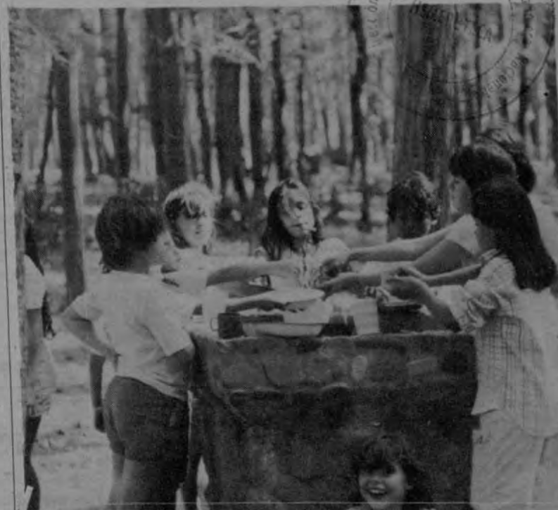
Bajo el lema "Juguemos a la Paz" unos cuarenta niños de la Unión de Pioneros Carmen Lyra participaron en un campamento en el parque Charrara, del 17 al 19 de febrero. Las actividades incluyeron visitas a lugares históricos cercanos al parque, como el museo y la iglesia de Orosi, las ruinas de Ujarrás, la Basílica de la Virgen de los Angeles y las ruinas de Cartago.
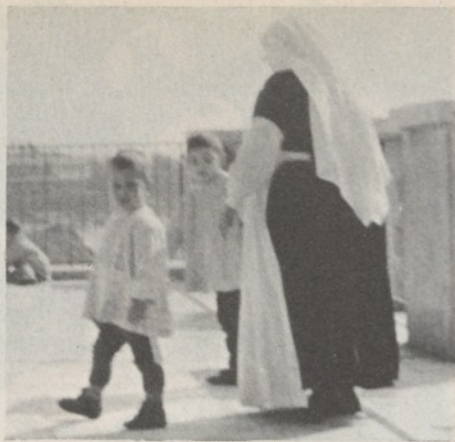
L'asilo delle suore

primaria del potere legislativo: la realizzazione del dettato costituzionale con l'eliminazione delle norme con esso incompatibili.
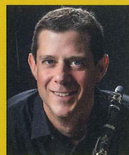
ベンジャミン・バロン (クラリネット)
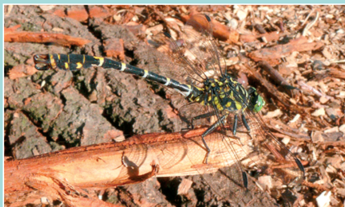
Klínatka vidlitá ( Onychogomphus forcipatus ).
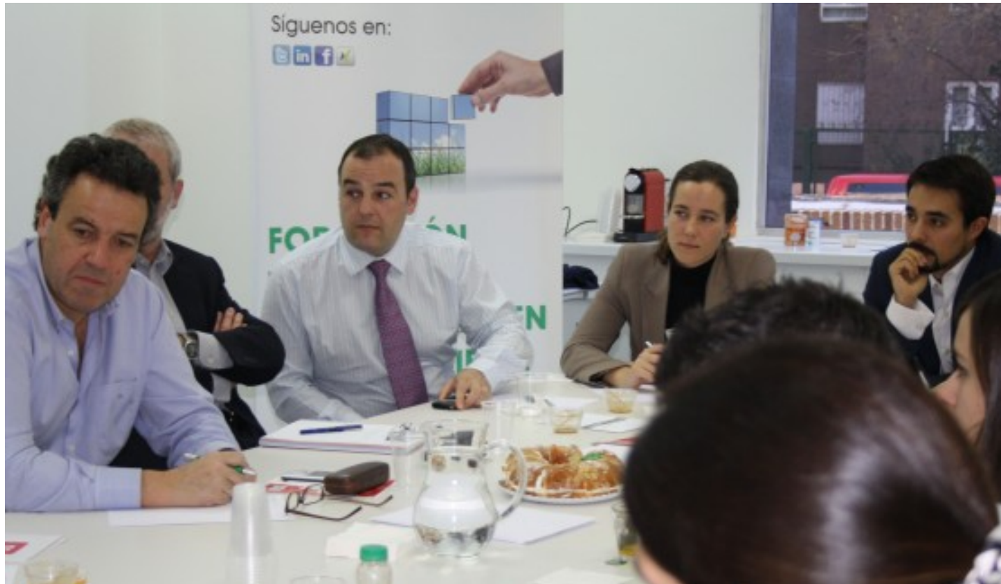
Desayunos de Trabajo para Emprendedores del Sector Ambiental
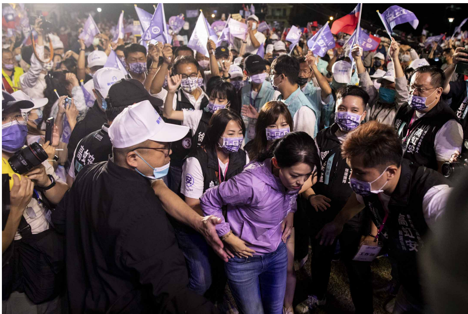
2022年11月19日，参选新竹市长选举的民众党高虹安于晚间举行造势晚会。

在台湾，诈领助理费有多起前例可循。自2019年起算，全台至少20位议员因此被检调约谈、起诉，甚至判刑。
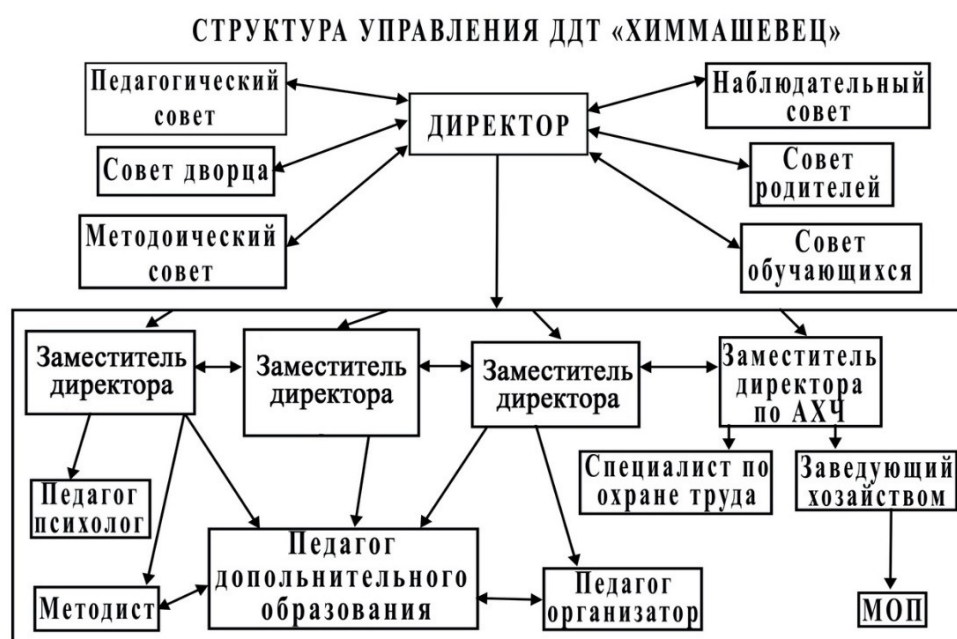
Рисунок 1. Структура управления ДДТ «Химмашевец»

Управление Дворцом осуществляется в соответствии с Федеральным законом «Об образовании в Российской Федерации» и настоящим Уставом на принципах демократичности, открытости, коллегиальности, приоритета общечеловеческих ценностей, охраны жизни и здоровья человека, свободного развития личности, единоначалия и самоуправления. Структура управления образовательной организацией представлены на рисунке 1.

- _Assigned task_
All the lines that hold the word "управления" must appear in the answer, copied from the records.

- _Result of the task_
Рисунок 1. Структура управления ДДТ «Химмашевец»
Управление Дворцом осуществляется в соответствии с Федеральным законом «Об образовании в Российской Федерации» и настоящим Уставом на принципах демократичности, открытости, коллегиальности, приоритета общечеловеческих ценностей, охраны жизни и здоровья человека, свободного развития личности, единоначалия и самоуправления. Структура управления образовательной организацией представлены на рисунке 1.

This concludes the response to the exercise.